▸ TASK TO CARRY OUT: Look through the records below, and copy out every line that holds the string "This".

▸ RECORDS FOR THE TASK:
————————
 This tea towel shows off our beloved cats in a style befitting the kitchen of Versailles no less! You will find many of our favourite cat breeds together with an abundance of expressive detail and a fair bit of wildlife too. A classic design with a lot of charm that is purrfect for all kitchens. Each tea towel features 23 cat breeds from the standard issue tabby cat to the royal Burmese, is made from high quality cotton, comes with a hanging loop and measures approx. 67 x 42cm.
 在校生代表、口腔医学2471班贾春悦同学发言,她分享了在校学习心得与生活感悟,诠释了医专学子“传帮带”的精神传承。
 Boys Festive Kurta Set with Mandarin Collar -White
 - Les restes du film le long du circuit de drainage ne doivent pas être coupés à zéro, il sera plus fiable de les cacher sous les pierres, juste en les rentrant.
————————
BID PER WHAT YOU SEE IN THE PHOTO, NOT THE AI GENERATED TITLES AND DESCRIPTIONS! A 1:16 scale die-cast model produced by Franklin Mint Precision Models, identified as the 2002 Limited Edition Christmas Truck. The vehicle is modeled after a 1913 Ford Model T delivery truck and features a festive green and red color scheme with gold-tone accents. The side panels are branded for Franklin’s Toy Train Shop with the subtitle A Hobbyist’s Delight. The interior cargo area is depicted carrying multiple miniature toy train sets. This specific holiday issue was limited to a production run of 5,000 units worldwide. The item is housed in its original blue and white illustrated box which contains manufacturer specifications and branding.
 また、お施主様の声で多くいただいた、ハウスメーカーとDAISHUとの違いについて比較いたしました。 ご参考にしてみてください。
————————
▸ SOLUTION:
 This tea towel shows off our beloved cats in a style befitting the kitchen of Versailles no less! You will find many of our favourite cat breeds together with an abundance of expressive detail and a fair bit of wildlife too. A classic design with a lot of charm that is purrfect for all kitchens. Each tea towel features 23 cat breeds from the standard issue tabby cat to the royal Burmese, is made from high quality cotton, comes with a hanging loop and measures approx. 67 x 42cm.
BID PER WHAT YOU SEE IN THE PHOTO, NOT THE AI GENERATED TITLES AND DESCRIPTIONS! A 1:16 scale die-cast model produced by Franklin Mint Precision Models, identified as the 2002 Limited Edition Christmas Truck. The vehicle is modeled after a 1913 Ford Model T delivery truck and features a festive green and red color scheme with gold-tone accents. The side panels are branded for Franklin’s Toy Train Shop with the subtitle A Hobbyist’s Delight. The interior cargo area is depicted carrying multiple miniature toy train sets. This specific holiday issue was limited to a production run of 5,000 units worldwide. The item is housed in its original blue and white illustrated box which contains manufacturer specifications and branding.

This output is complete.